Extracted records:
((
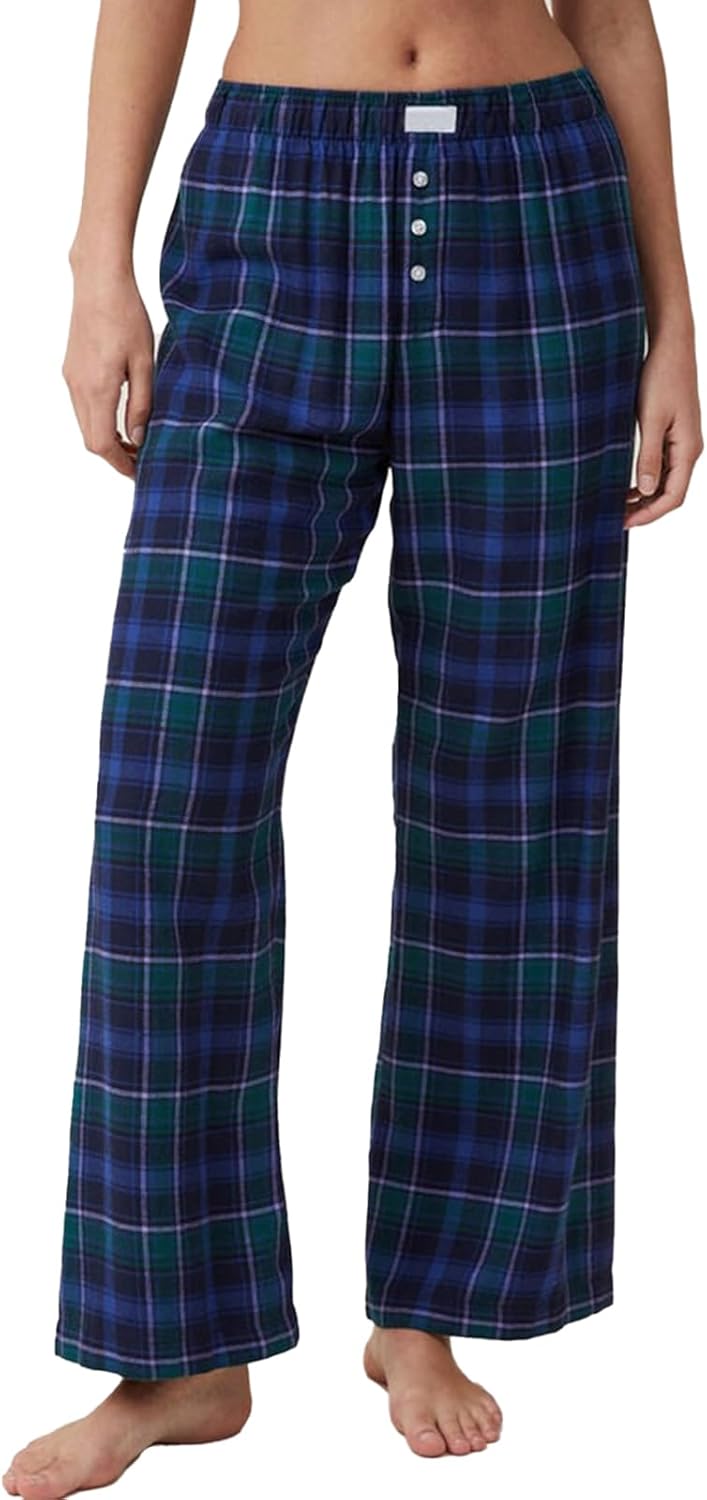 Womens Casual Plaid Straight Wide Leg Pants Elastic Waist Sweatpants Button Workout Pants Lounge Trousers with Pockets
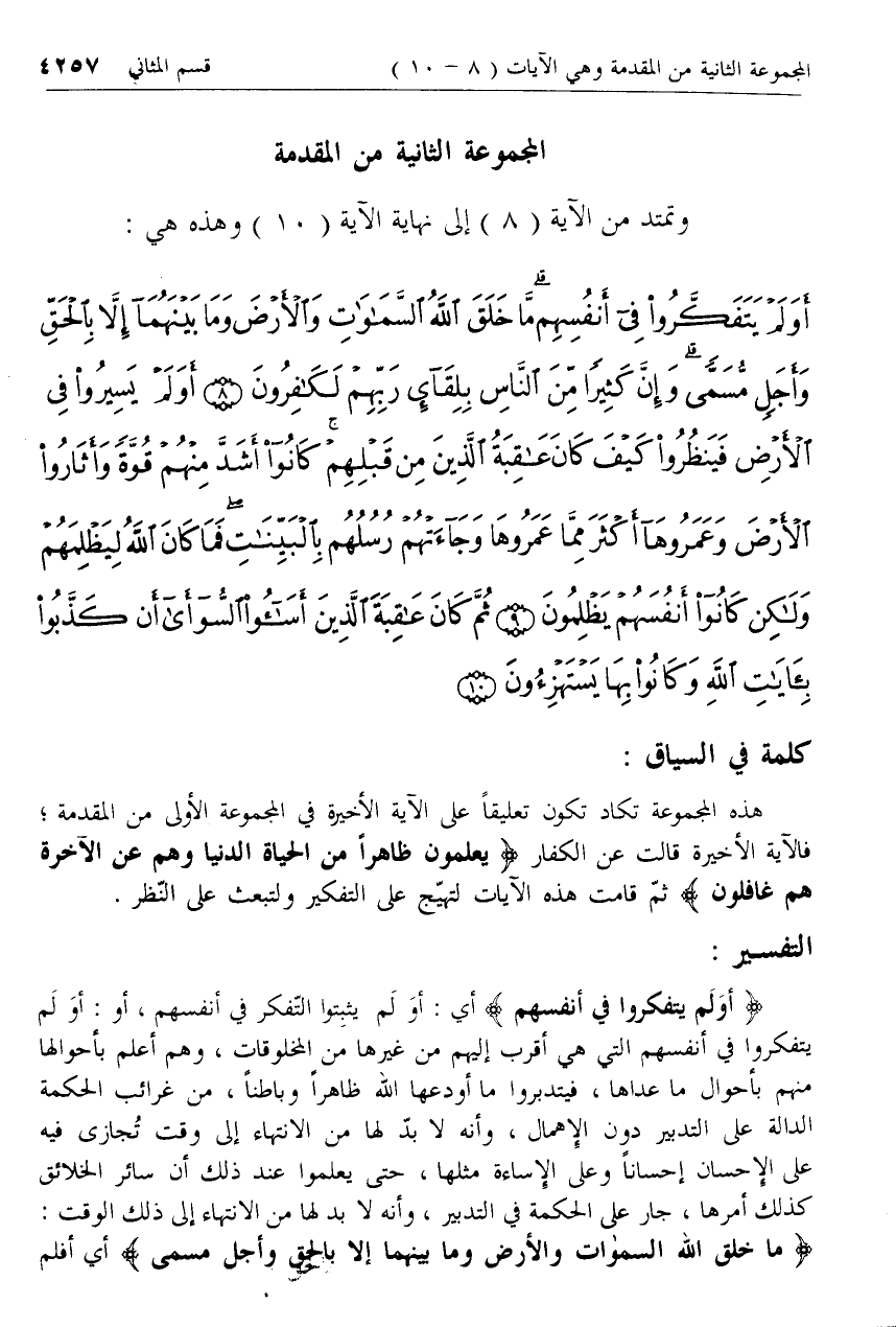 هذه المجموعة تكاد تكون تعليقا على الآية الأخيرة في المجموعة الأولى من المقدمة؛ فالآية الأخيرة قالت عن الكفار يَعْلَمُونَ ظاهِراً مِنَ الْحَياةِ الدُّنْيا وَهُمْ عَنِ الْآخِرَةِ هُمْ غافِلُونَ ثمّ قامت هذه الآيات لتهيّج على التفكير ولتبعث على النّظر.
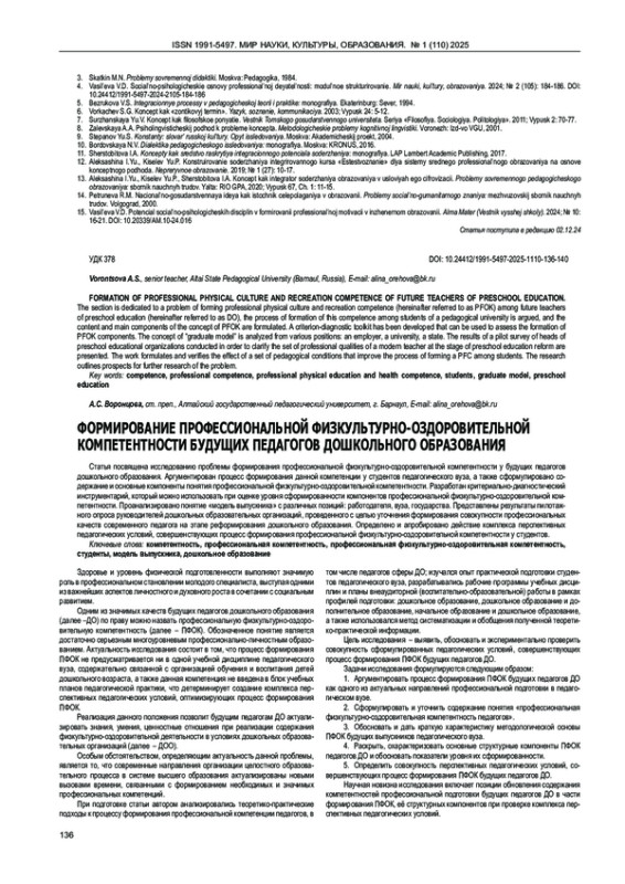 Статья: ФОРМИРОВАНИЕ ПРОФЕССИОНАЛЬНОЙ ФИЗКУЛЬТУРНО-ОЗДОРОВИТЕЛЬНОЙ КОМПЕТЕНТНОСТИ БУДУЩИХ ПЕДАГОГОВ ДОШКОЛЬНОГО ОБРАЗОВАНИЯ
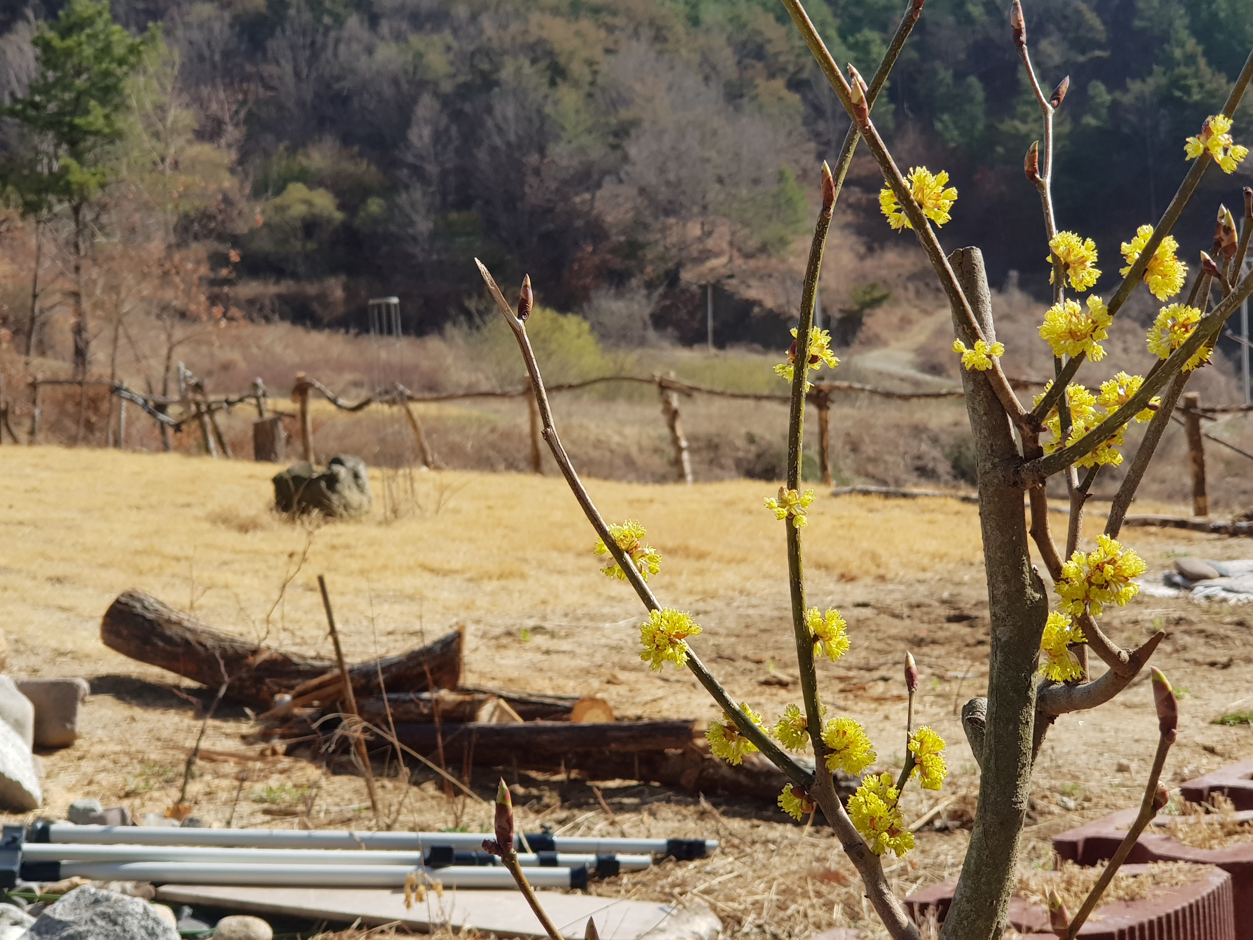 작년에 마당 끝에 옮겨심어둔 생강나무가 남들 모두 움츠리고 있을 때 가장 먼저 꽃을 피워놓고 나도 여기 있습니다 하고 소리치고 있습니다.
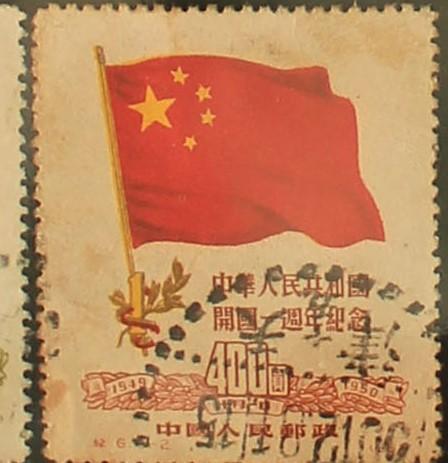 《中华人民共和国开国一周年纪念》邮票是中华人民共和国邮电部为了纪念中华人民共和国成立一周年,于1950年10月1日发行的,志号为“纪6”的纪念邮票。
))
Problem requirements: Set down the records exactly, without the pictures.

Answer section:
 Womens Casual Plaid Straight Wide Leg Pants Elastic Waist Sweatpants Button Workout Pants Lounge Trousers with Pockets
 هذه المجموعة تكاد تكون تعليقا على الآية الأخيرة في المجموعة الأولى من المقدمة؛ فالآية الأخيرة قالت عن الكفار يَعْلَمُونَ ظاهِراً مِنَ الْحَياةِ الدُّنْيا وَهُمْ عَنِ الْآخِرَةِ هُمْ غافِلُونَ ثمّ قامت هذه الآيات لتهيّج على التفكير ولتبعث على النّظر.
 Статья: ФОРМИРОВАНИЕ ПРОФЕССИОНАЛЬНОЙ ФИЗКУЛЬТУРНО-ОЗДОРОВИТЕЛЬНОЙ КОМПЕТЕНТНОСТИ БУДУЩИХ ПЕДАГОГОВ ДОШКОЛЬНОГО ОБРАЗОВАНИЯ
 작년에 마당 끝에 옮겨심어둔 생강나무가 남들 모두 움츠리고 있을 때 가장 먼저 꽃을 피워놓고 나도 여기 있습니다 하고 소리치고 있습니다.
 《中华人民共和国开国一周年纪念》邮票是中华人民共和国邮电部为了纪念中华人民共和国成立一周年,于1950年10月1日发行的,志号为“纪6”的纪念邮票。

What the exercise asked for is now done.